И вот впервые он наконец-то пересёкся с Людкой на танцах, будучи в нужной кондиции. Подошёл, попытался предъявить претензию, но нарвался на нового ухажёра. После чего дружки жениха вывели его с танцплощадки и без разговоров дали в нос.
Откуда я всё это знаю?
– Колян, смотри, как Сокол косяка давит, явно на добавку нарывается. Давай я его немного отрихтую? – ухмыляясь, предложил парень, стоявший в центре.
Внезапно пришло понимание, что он намеревается делать. При попытке встать хохотун ударит меня по левой скуле, а потом закончит прямым в разбитый нос. А ещё мне откуда-то известно о наличии свинчатки в левой руке козлины. Значит, нос сто процентов сломают.
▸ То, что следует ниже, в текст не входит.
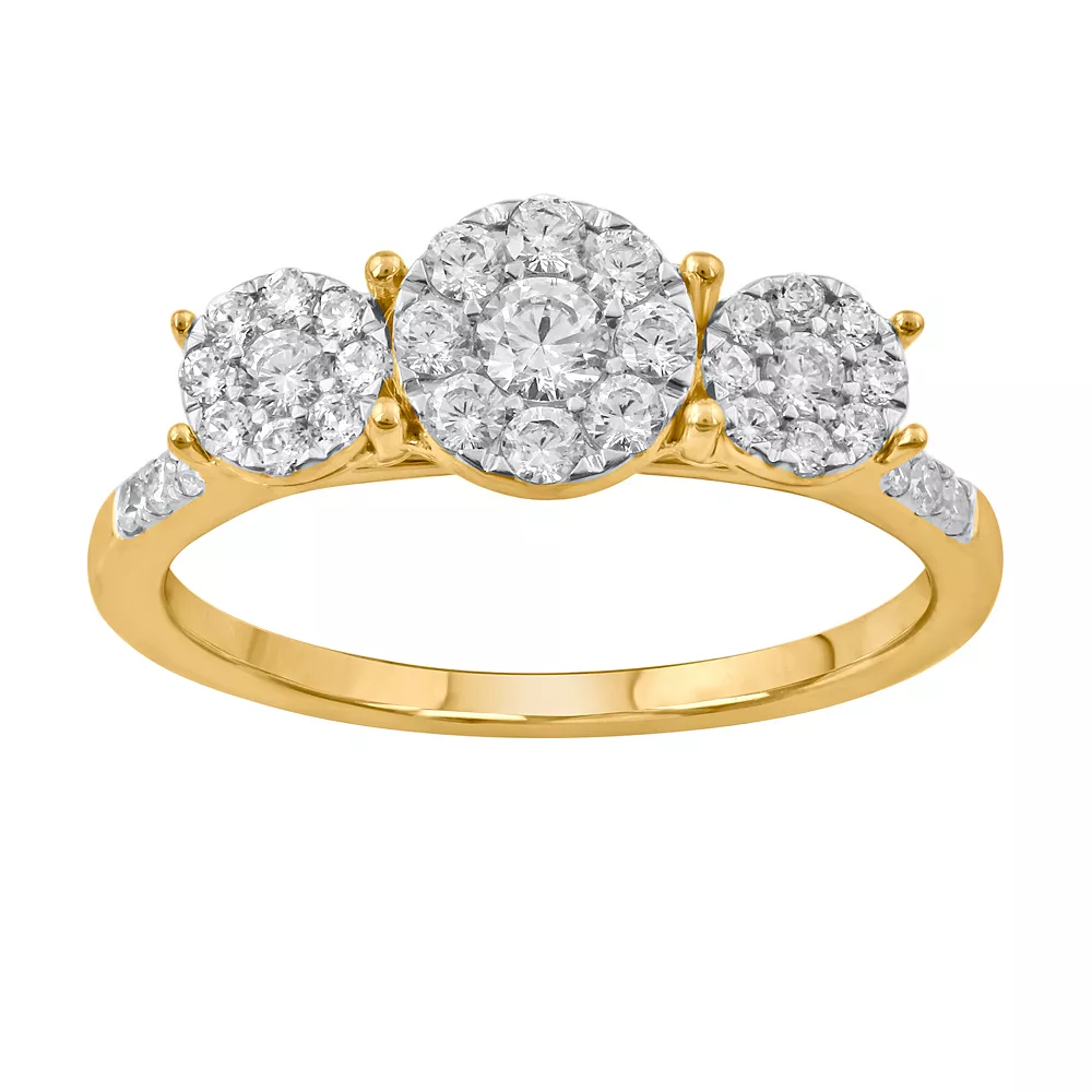 Featuring shimmering diamonds set in a three-stone cluster motif, this engagement ring is a wonderful symbol of your love.

Не задумываясь, начинаю реагировать, дабы избежать побоев. Отклоняюсь от первого удара и, поднырнув под второй, бью дружка жениха в челюсть.
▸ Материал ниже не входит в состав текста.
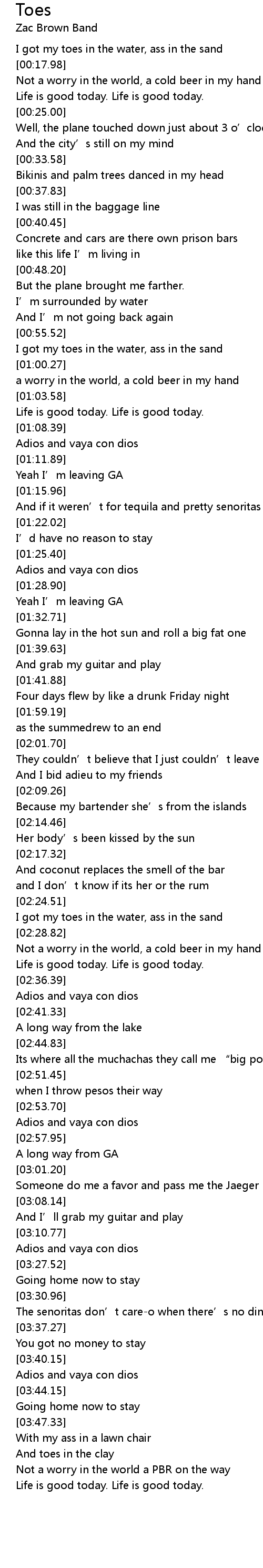 | [00:57.02] | I got my toes in the water, ass in the sand |

– Ах ты, сука! – зашипел тот, хватаясь за лицо.
Время будто замерло, и я заметил длинноногую девушку в короткой юбке. Она стояла в сторонке, выглядывая из-за дерева. Бледная, с широко раскрытыми глазами.
Вот и предательница собственной персоной! Не нужно большого ума, чтобы понять очевидное.
«Беги!» – в голову пришла новая команда.
Увернувшись от рук сорвавшегося с места Людкиного ухажёра, ныряю из-под света уличного фонаря в кустарник. Прорвавшись через обильную растительность, бегу в сторону освещённой аллеи. Она пересекает весь парк. За спиной слышатся крики преследователей. Но я уже проскользнул между деревьями, перепрыгнул через скамейку и снова скрылся в темноте.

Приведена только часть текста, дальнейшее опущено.